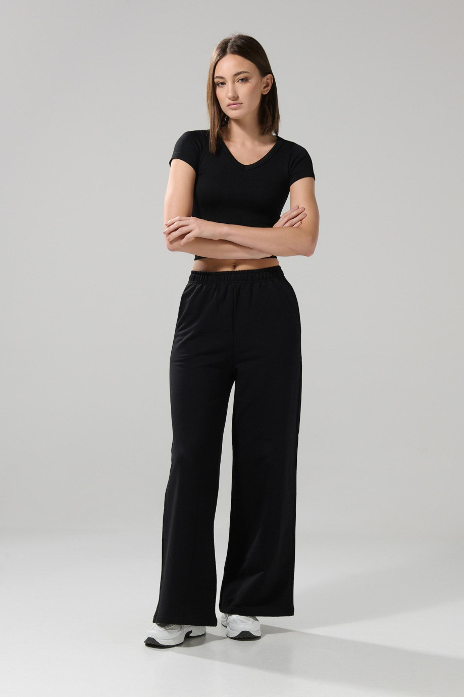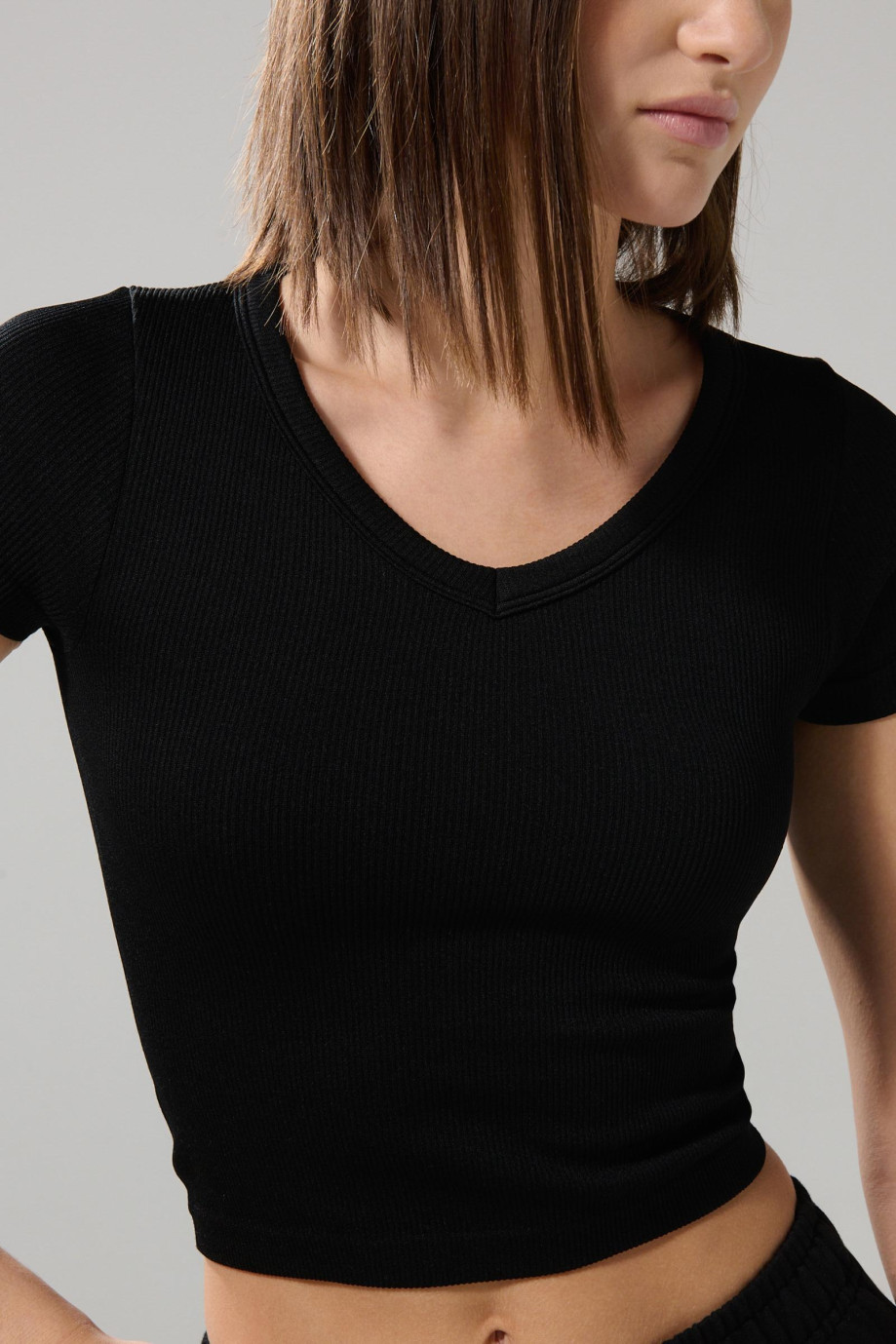 Camiseta crop top unicolor para mujer, confeccionada en tela acanalada, cuenta con manga corta, cuello V y una silueta ajustada al cuerpo. ¡Esta es una prenda juvenil y fácil de combinar que debes tener! Con un jean push up crearás un outfit con el que te identificarás.
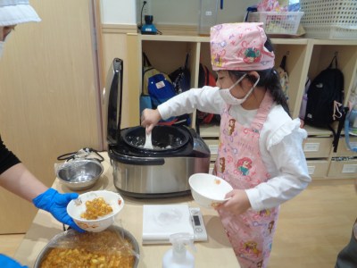 自分たちで炊いたご飯はとても美味しかったようです♪
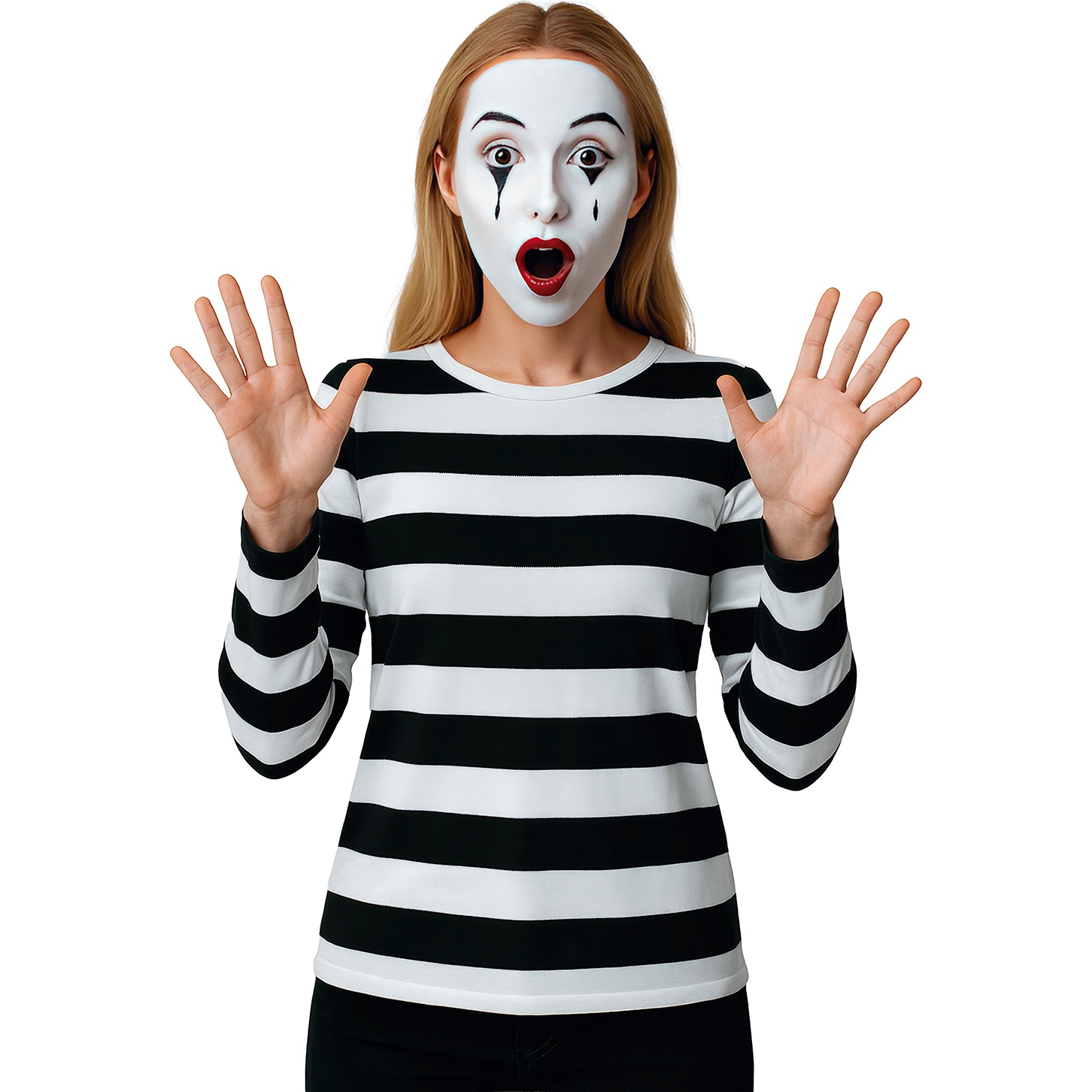 Damen-T-Shirt mit horizontalen schwarz-weißen Streifen, konzipiert, um den klassischen Pantomime-Look zu erzielen. Der gerade Schnitt und die langen Ärmel verleihen einen zeitlosen, leicht kombinierbaren Look. Aus Polyester gefertigt bietet es Leichtigkeit und einen guten Fall - ideal für Auftritte und Veranstaltungen. Perfekt als zentrales Element Ihres thematischen Outfits oder als Ergänzung für Theaterkostüme.

## Description of the task
Could you output the listing word for word, omitting every picture?

## Result
 Camiseta crop top unicolor para mujer, confeccionada en tela acanalada, cuenta con manga corta, cuello V y una silueta ajustada al cuerpo. ¡Esta es una prenda juvenil y fácil de combinar que debes tener! Con un jean push up crearás un outfit con el que te identificarás.
 自分たちで炊いたご飯はとても美味しかったようです♪
 Damen-T-Shirt mit horizontalen schwarz-weißen Streifen, konzipiert, um den klassischen Pantomime-Look zu erzielen. Der gerade Schnitt und die langen Ärmel verleihen einen zeitlosen, leicht kombinierbaren Look. Aus Polyester gefertigt bietet es Leichtigkeit und einen guten Fall - ideal für Auftritte und Veranstaltungen. Perfekt als zentrales Element Ihres thematischen Outfits oder als Ergänzung für Theaterkostüme.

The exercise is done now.